## PROBLEM TO SOLVE
Within the lines below, the span from the line with "mit bequemen Doppelbett" to the line with "郑霁[17] | 2014", both ends included, is to be reproduced exactly, with pictures omitted.
• • • • •
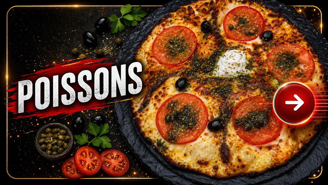 PESTO JAMBON LARDON CHEVRE : Crème fraîche, mozzarella 100 %, jambon blanc, lardons, chèvre, pesto, oignons, origan.
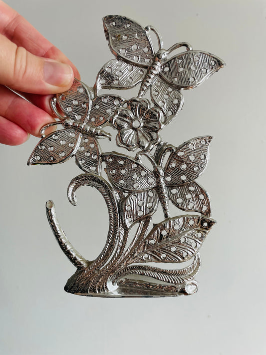 Torino Silver Metal Earring Holder with Butterflies & Flower
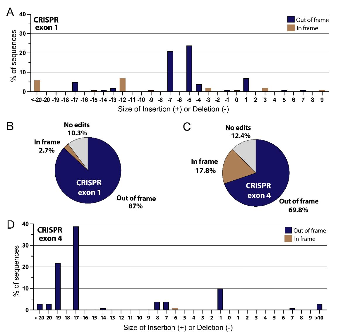 Supplementary Figure S2. CRISPR-Cas9 complexes targeting smc5 cause insertion/deletions in X. tropicalis genome (A-D) Bar graphs show frequency and size of insertion or deletion (indel) in smc5 induced by CRISPR-Cas9 activity. Pie graphs show type and frequency of indel caused by CRISPR-Cas9. Indel size in multiples of 3 correspond to in frame indels (brown), and samples without indels considered to have no edits. Indels of all other sizes considered out of frame edits (blue). DNA samples without edits not represented on bar graph. (A) CRISPR-exon 1 indel size and frequency, (B) CRISPR-exon 1 edit type and frequency, (C) CRISPR-exon 4 edit type and frequency, (D) CRISPR-exon 4 indel size and frequency. n=5 for all experiments. |
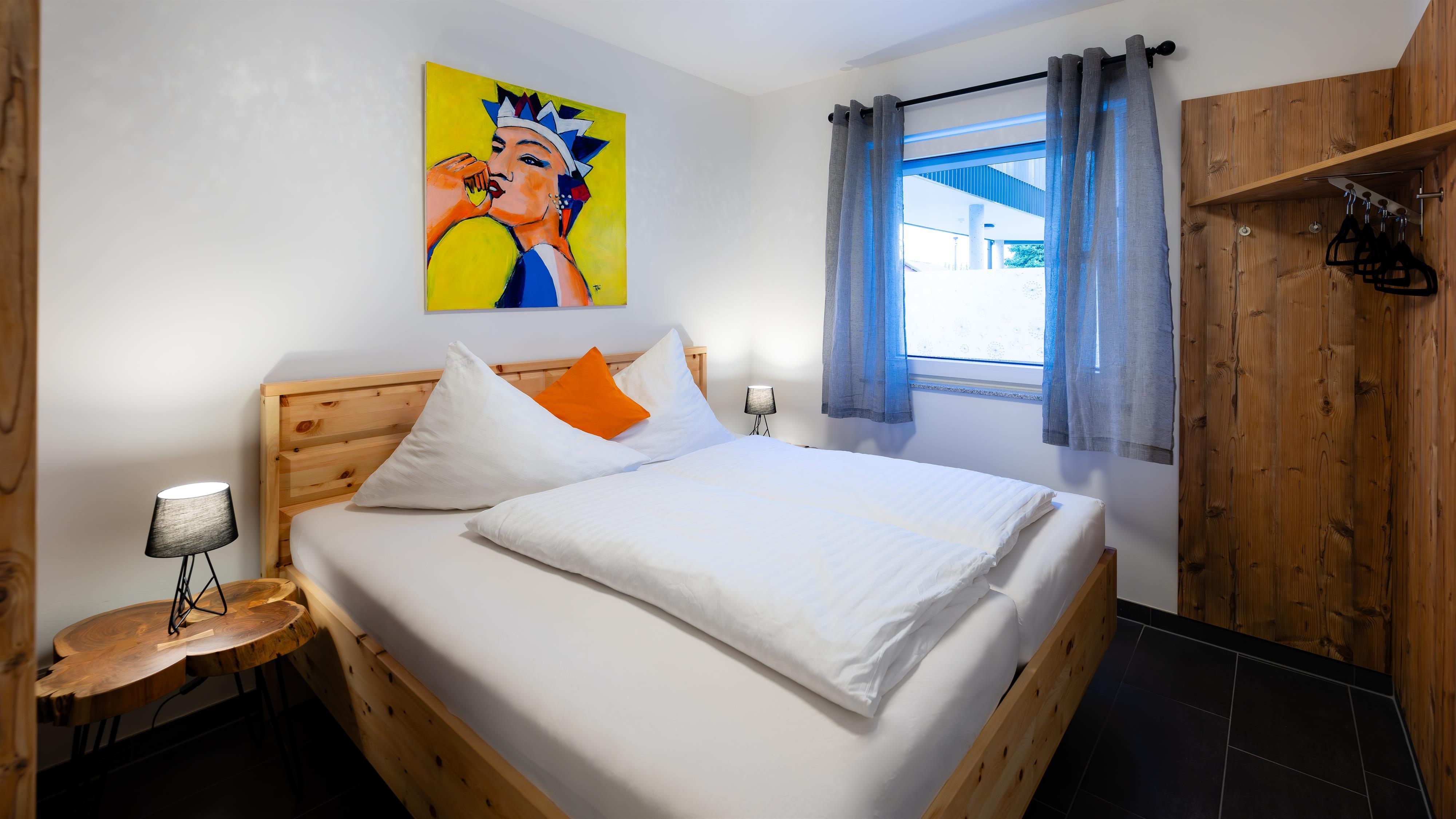 • Ein Schlafzimmer mit bequemen Doppelbett
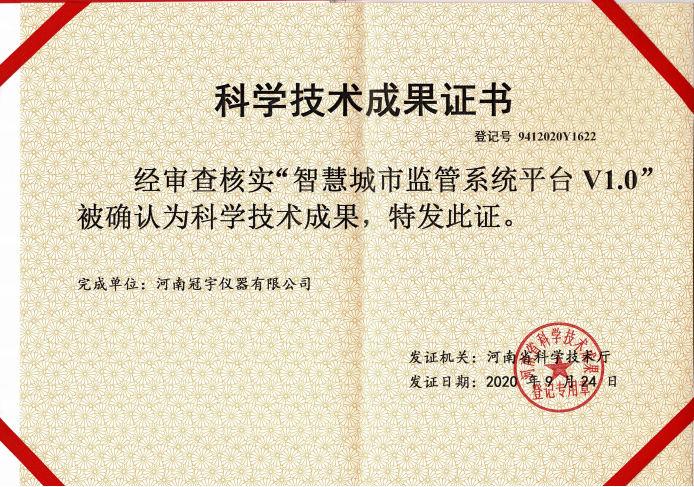 河南冠宇儀器有限公司(以下簡稱:冠宇儀器)繼多項軟件著作權(quán)證書、實用新型專利證書、計算機軟件著作權(quán)等一系列證書之后,又獲由河南省科學(xué)技術(shù)廳頒發(fā)的一項“智慧城市監(jiān)管系統(tǒng)平臺V1.0科學(xué)技術(shù)成果證書”,一系列的權(quán)威肯定,彰顯了冠宇儀器強大的技術(shù)研發(fā)能力,也體現(xiàn)出公司為客戶提供優(yōu)質(zhì)產(chǎn)品的強大決心。
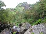 PHOTO 2 : c'est pourtant un petit écart de 30 mn qui nous offrit la plus belle succession de cascades de la journée : après avoir contourné la touffe de choca de la première chute et ensuite deux petites cascatelles, nous avons été ravis de regarder cette haute et fine cascade qui n'est pas sans rappeler la Cascade du Chaudron, y compris pour sa dangerosité (verticalité du site et chute de pierres très probable. Attention).
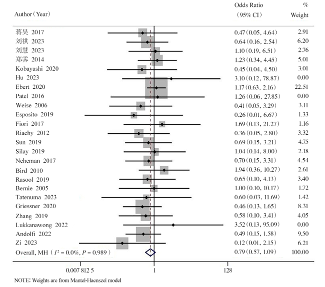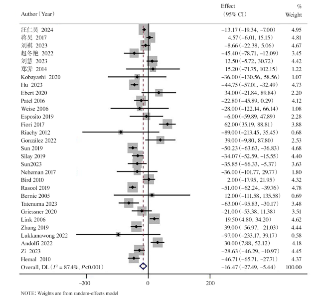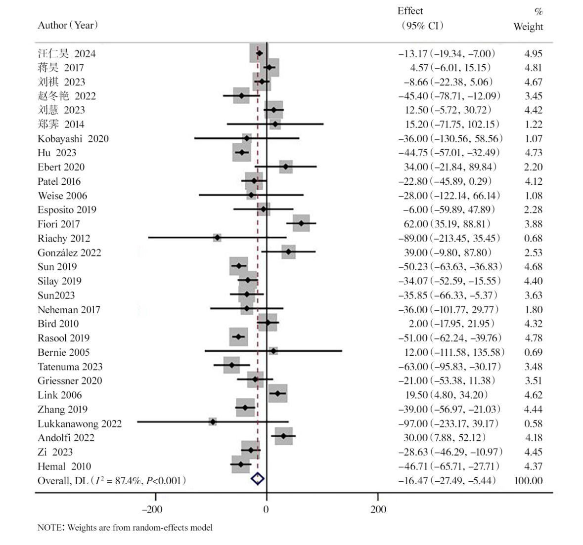 郑霁[17] | 2014 | 中国 | 32/46 | 28.90±35.56 | 29.80±41.48 | 20/12 | 30/16 | 否 | ①②③④⑤ | 20 | |
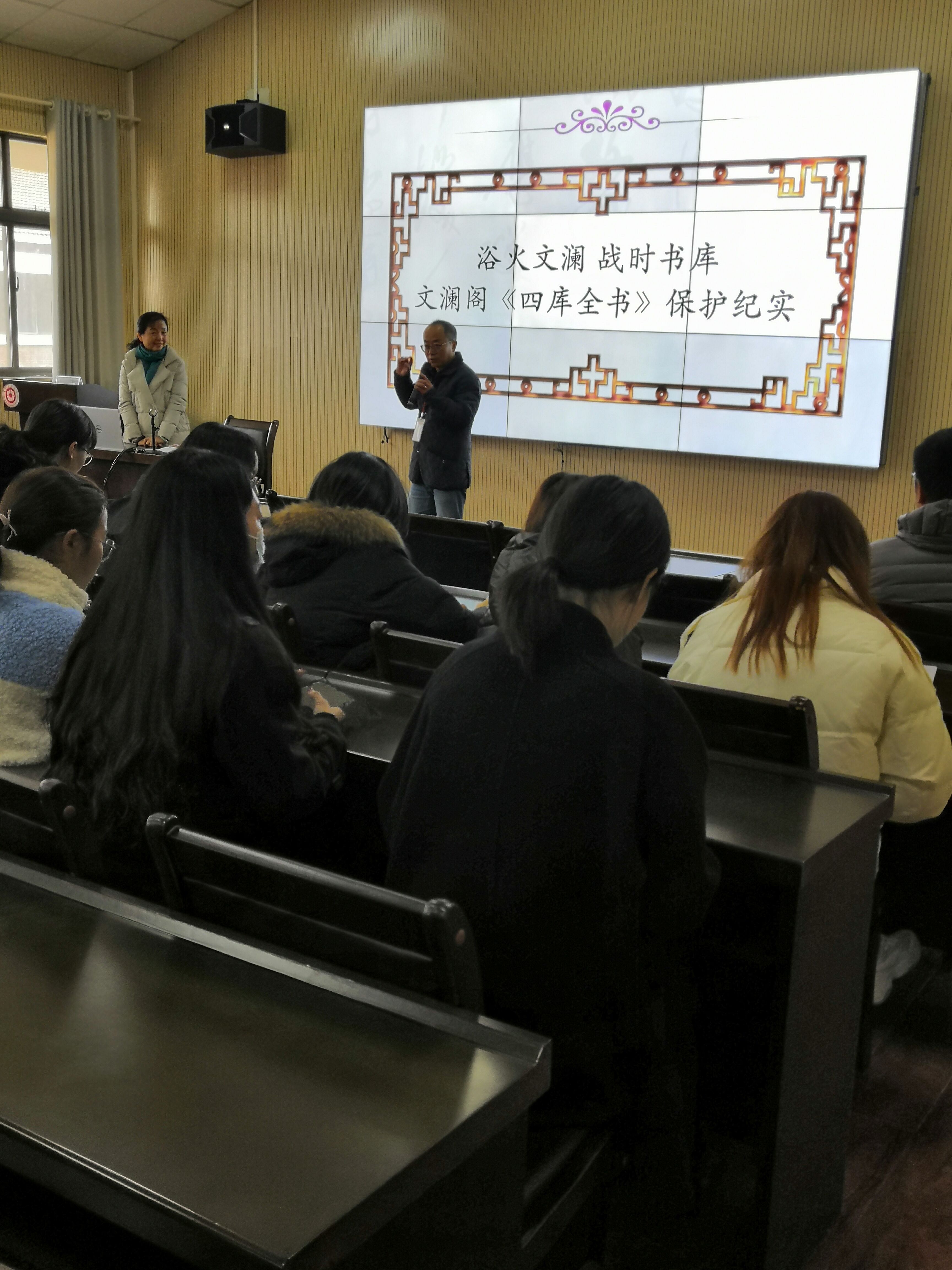 2020年11月27日下午,贵州省图书馆学会秘书长钟海珍教授在公司志学楼506报告厅作了以“浴火文澜 战时书库--《四库全书》秘藏贵阳纪实”为主题的鼎新讲堂系列讲座。讲座由威廉体育官方网站图书馆馆长杨帆教授主持,图书情报硕士研究生导师杨溢副教授、崔鹏副教授和图书情报专业研究生参加了此次讲座。
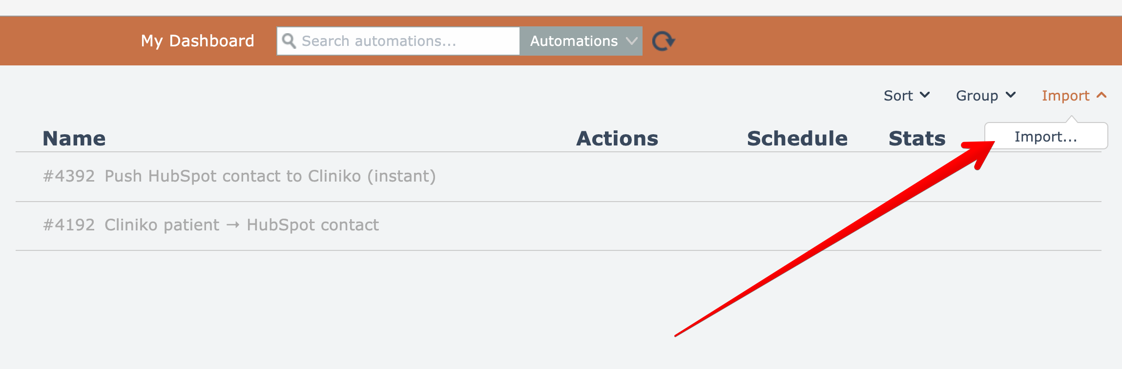 If you have a previously exported automation file and if your account has the "Import" permission, you can import that automation via the Import menu at the top right:
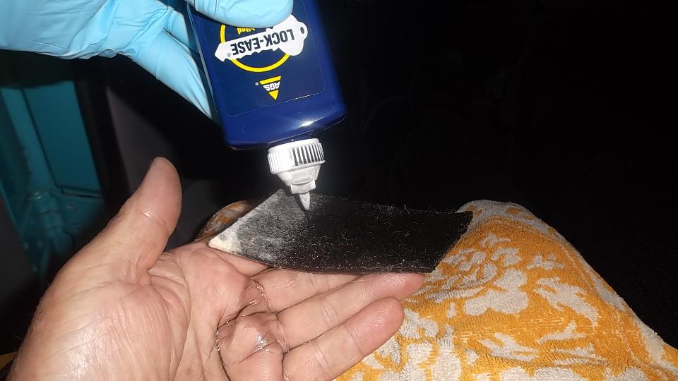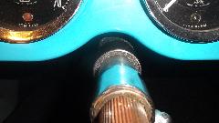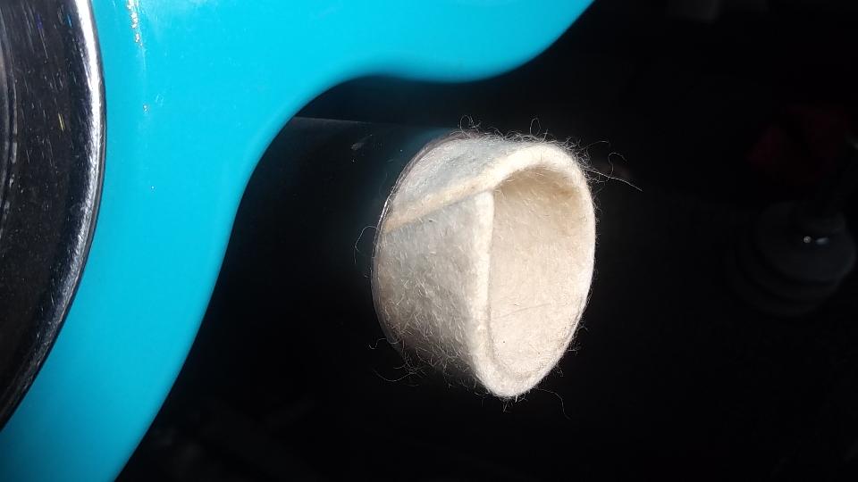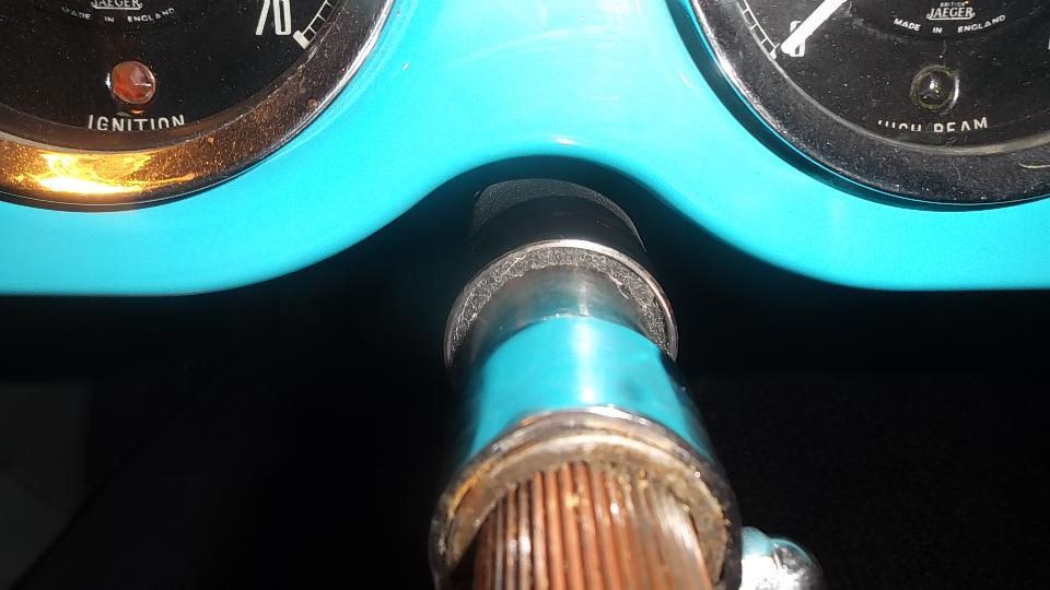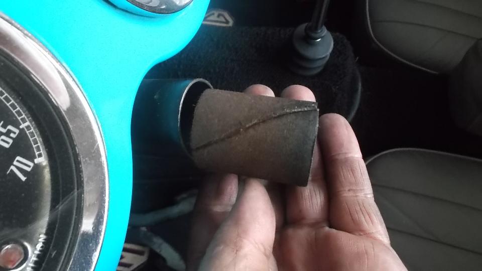 Ah, but we still had a bit of daylight, so on to the next improvement. It was time to replace the felt bushing on the top end of the steering column. A few minutes to remove the steering wheel so the shaft would pull out of the tube. Then a short trip to the hardware store to pick up a bottle of graphite lube (Lock-Ease brand name). Shake, shake, shake, and then saturate the felt bushing with this stuff, and pat dry with a paper towel before installation. We are happy to report perfect fit for this felt bushing easy installation, and no more slop in the top end of the steering column.
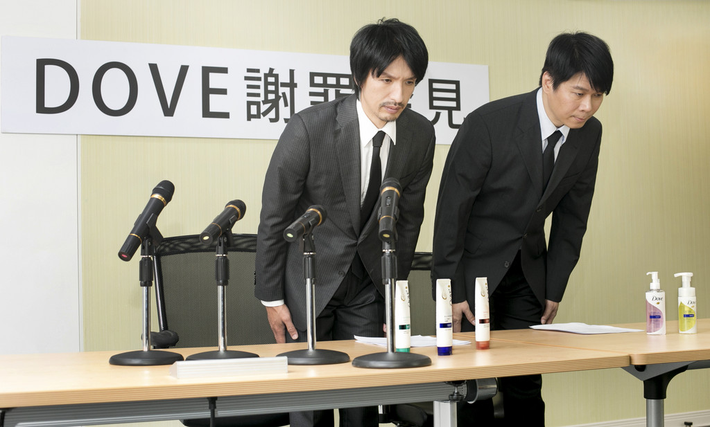 斗大標題寫著「多芬謝罪會見」(多芬道歉記者會),高階主管與研究員一字排開,表情莫名嚴肅,彷彿『手滑』是罪不可恕的滔天大罪。說著說著,多芬相關人員眼泛淚光,甚至爬上桌子下跪,以日本傳統「土下座」方式深深跪拜謝罪,讓現場一片譁然。
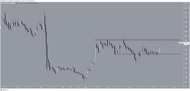 Giá SOL đã tăng lên kể từ ngày 10-3. Nó tạo ra một đáy cao hơn vào ngày 9-4 trước khi đẩy nhanh tốc độ tăng. Giá hiện đang tiếp cận vùng kháng cự 26 USD. Nếu nó bứt phá, mức kháng cự tiếp theo sẽ là 36 USD.
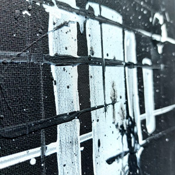 Das Werk ‚Fünf‘ ist in schwarz und weiß ausgeführt. Zentriert befinden sich die fünf Formen und bilden den Hauptcharakter. Verwendung der Spachteltechnik. Acryl auf Leinwand. Rand bemalt.
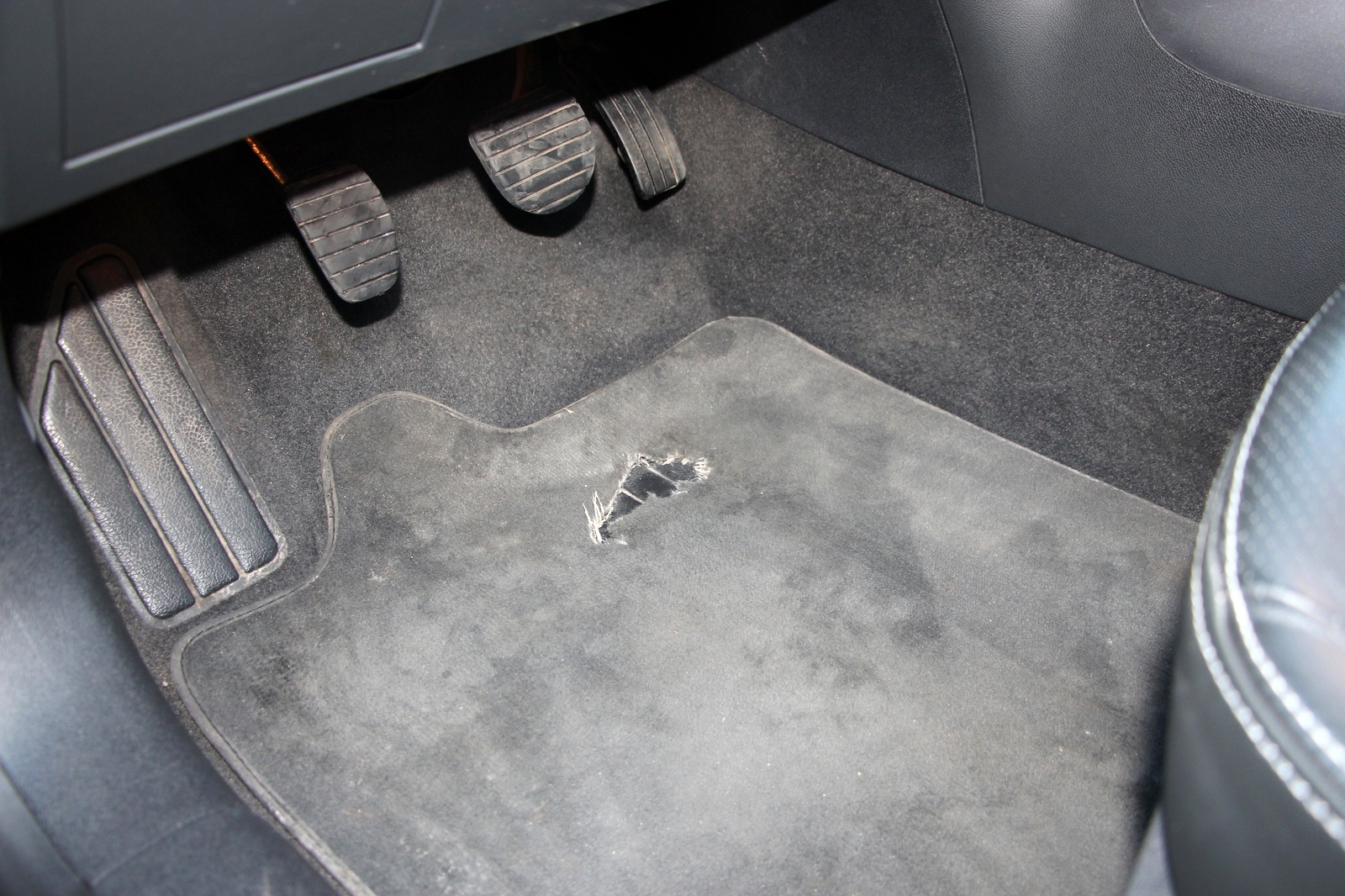 Nem kérdéses a magas, valós futás, a gépházban és a sofőr ajtajánál is cetli mutatja, hogy májusban 152 000 kilométer volt az autóban. Vélhetően legtöbbet autópályán futott, nem a kuplung-, hanem a fékpedálnál van kikopva a gyári (kivehető) szőnyeg
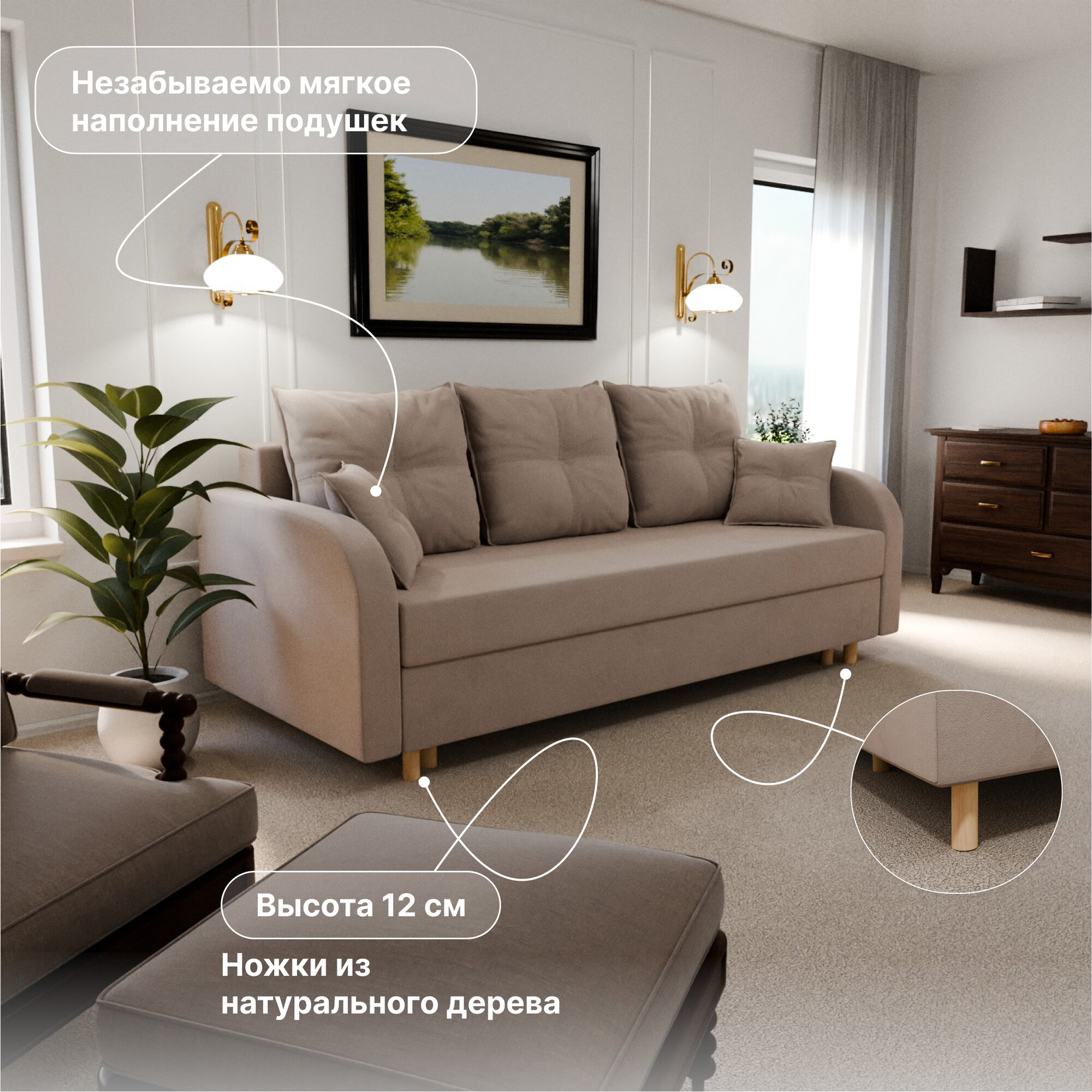 10 цен на Диван раскладной, "Genri", НПБ, Велютта люкс 07 размеры 220х80х100, бежевый
• • • • •
## RESPONSE TO THIS TASK
 • Ein Schlafzimmer mit bequemen Doppelbett
 河南冠宇儀器有限公司(以下簡稱:冠宇儀器)繼多項軟件著作權(quán)證書、實用新型專利證書、計算機軟件著作權(quán)等一系列證書之后,又獲由河南省科學(xué)技術(shù)廳頒發(fā)的一項“智慧城市監(jiān)管系統(tǒng)平臺V1.0科學(xué)技術(shù)成果證書”,一系列的權(quán)威肯定,彰顯了冠宇儀器強大的技術(shù)研發(fā)能力,也體現(xiàn)出公司為客戶提供優(yōu)質(zhì)產(chǎn)品的強大決心。
 PHOTO 2 : c'est pourtant un petit écart de 30 mn qui nous offrit la plus belle succession de cascades de la journée : après avoir contourné la touffe de choca de la première chute et ensuite deux petites cascatelles, nous avons été ravis de regarder cette haute et fine cascade qui n'est pas sans rappeler la Cascade du Chaudron, y compris pour sa dangerosité (verticalité du site et chute de pierres très probable. Attention).
 郑霁[17] | 2014 | 中国 | 32/46 | 28.90±35.56 | 29.80±41.48 | 20/12 | 30/16 | 否 | ①②③④⑤ | 20 | |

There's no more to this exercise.